Beneficios mutuos… y también para terceros

Según ellos, además, la energía fotovoltaica no es el único beneficiario de la ubicación conjunta de proyectos solares y actividades agrícolas. “Los cultivos se pueden hacer en la sombra intermitente proyectada por los paneles fotovoltaicos en sistemas agrivoltaicos”, afirma el estudio. “La sombra no necesariamente disminuye el rendimiento agrícola”.

El estudio también se basó en datos de producción de energía de pruebas de campo realizadas por el fabricante estadounidense de automóviles eléctricas Tesla en cinco sitios agrivoltaicos en Oregón. Los científicos descubrieron que el aloe vera, los tomates, el maíz de biogás, la hierba de los pastos y la lechuga se cultivaron con éxito en esos experimentos.

“Algunas variedades de lechuga producen mayores rendimientos a la sombra que a plena luz del sol; otras variedades producen esencialmente el mismo rendimiento bajo un cielo abierto y bajo paneles fotovoltaicos ”, declararon los investigadores, y agregaron que los paneles fotovoltaicos semitransparentes pueden abrir nuevas oportunidades de rendimiento de cultivos.

“Si menos del 1% de la tierra agrícola se convirtiera en paneles solares, sería suficiente para satisfacer la demanda mundial de energía eléctrica”, afirmaron los científicos.
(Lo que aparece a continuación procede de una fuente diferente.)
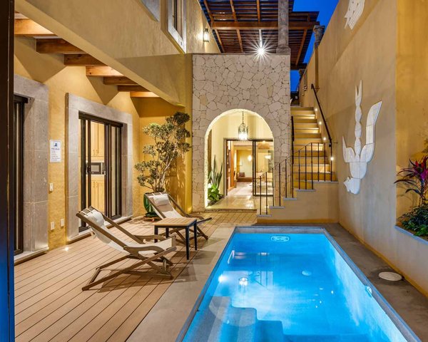 Step into the timeless charm of San Miguel de Allende, thoughtfully reimagined for modern luxury. This extraordinary residence is ideally located just a short five-minute walk from the main square and only moments from the iconic Parroquia, placing you in the very heart of Centro while still offering a sense of privacy and serenity that is increasingly rare. Completely built from the ground up on the historic site of the beloved “La Purísima” bakery, the home honors its past while delivering a refined, contemporary lifestyle designed for comfort and elegance.From the moment you enter, a graceful foyer sets the tone with clean architectural lines, soft colonial finishes, and exquisite cantera stone details that flow seamlessly throughout the entire property. The living room is positioned at the entrance and has been carefully designed with a concealed, wall-mounted television, preserving the aesthetic beauty of the space while incorporating modern convenience. The residence is offered fully furnished, curated with tasteful pieces that complement the home’s character and allow for an effortless move-in experience.The kitchen is both elegant and highly functional, fully equipped with modern appliances and seamlessly integrated into a bright, open-concept dining area designed for comfortable entertaining. This level also includes a refined powder room. A standout feature of the first floor is the heated swimming pool with counter-current system, complemented by a dedicated lounge area that creates a private, resort-like atmosphere for year-round enjoyment. Adjacent to the pool, and accessed via a staircase, an outdoor terrace provides an exceptional entertaining space, featuring a built-in gas grill and a dining area thoughtfully appointed to host gatherings with ease.Single-level living in Centro is a rare and highly desirable feature, and this residence offers it beautifully. The home includes three generously sized bedrooms, all equipped with mini-split systems providing both air conditioning and heating. One bedroom features a comfortable sitting area with direct access to the swimming pool. In addition to its en-suite bathroom, this bedroom also offers a private outdoor shower, enhancing the indoor–outdoor living experience.The upper level continues the home’s emphasis on comfort and refinement, featuring 2 well-appointed bedrooms, each with an en-suite bathroom, ample closet space, and thoughtfully designed details that enhance privacy and relaxation. One of the bedrooms opens onto a private balcony overlooking the pool area, adding an intimate outdoor retreat and an elegant architectural element. The second en-suite bedroom on this level is generously proportioned and accommodates two queen-size beds, offering dual sinks and a bathtub in the bathroom. A conveniently located laundry room completes this level, providing everyday functionality while keeping service areas discreetly separate from the home’s main social spaces.Crowning the home is a spectacular rooftop terrace — undoubtedly one of the property’s most captivating highlights. From this elevated vantage point, breathtaking, unobstructed views of the Parroquia create a dramatic and unforgettable backdrop. The rooftop is designed for both relaxation and social gatherings, featuring an outdoor lounge area and a propane fireplace that brings warmth and ambiance to evenings under the San Miguel sky.Every corner of this residence reflects meticulous attention to detail, from sustainable design elements and high-quality materials to the timeless beauty of cantera stone accents and a layout that maximizes natural light with fluid transitions between spaces. This is more than a home — it is a lifestyle property that captures the essence of San Miguel living: walkable, elegant, vibrant, and deeply inviting. A rare opportunity to own a fully realized sanctuary in one of the most desirable and historic locations in the city.
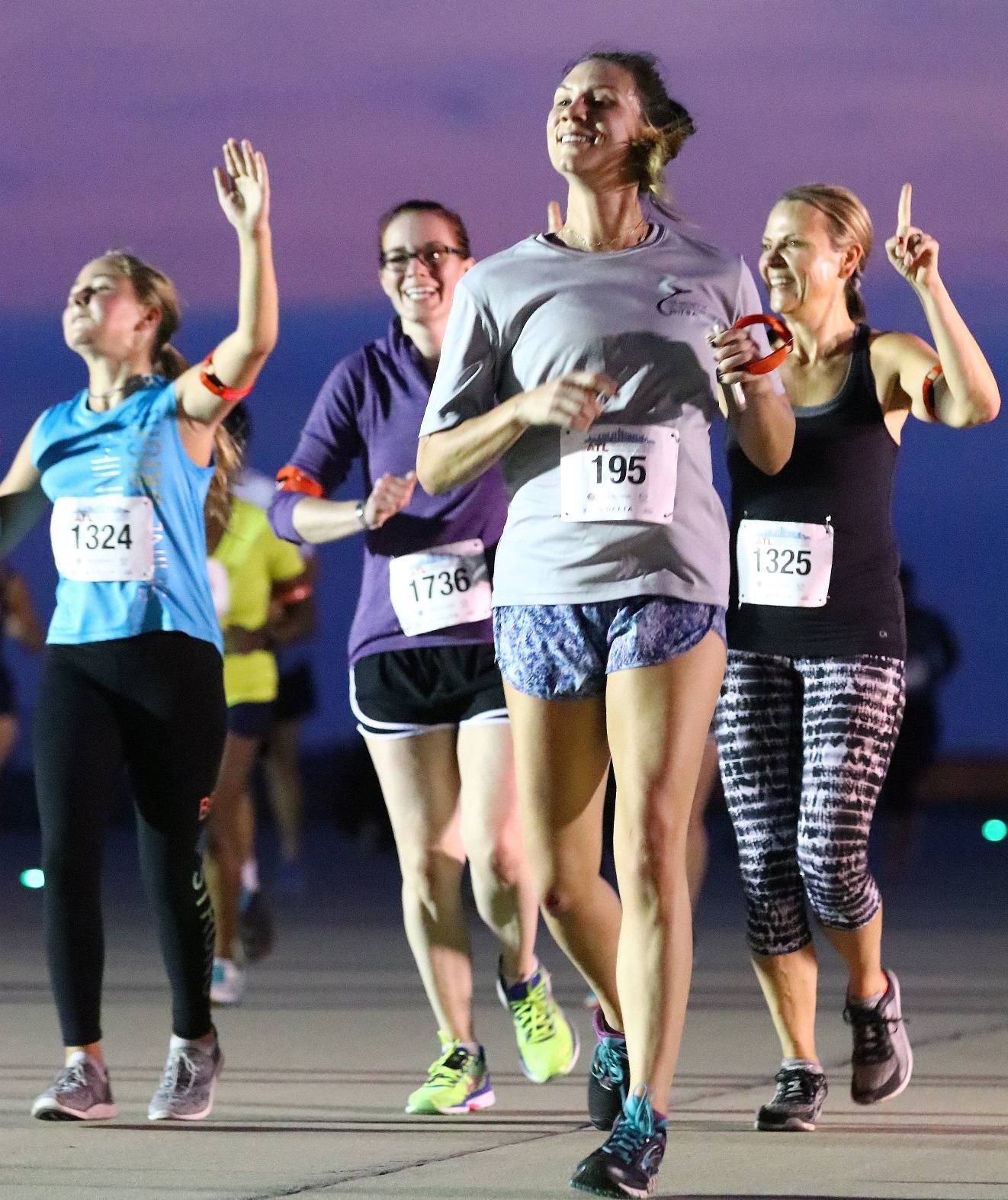 Once the horn blew, arm bands illuminated the darkness as participants raced down Runway 10-28. Many finishers took selfies at sunrise.

Otro beneficio extra tiene que ver con la buena y oportuna presencia de las abejas polinizadoras: un equipo de investigadores del Laboratorio Nacional Argonne del Departamento de Energía de los Estados Unidos (DOE) ha estado examinando los beneficios potenciales de establecer un hábitat de polinizadores en grandes plantas solares para conservar estos insectos y restaurar el ecosistema que proporcionan. Tras observar más de 2.800 instalaciones de este tipo existentes en Estados Unidos, los investigadores de la división de Ciencias Ambientales de Argonne han llegado a la conclusión de que el área alrededor de los paneles solares podría proporcionar una ubicación ideal para las plantas que atraen a los polinizadores.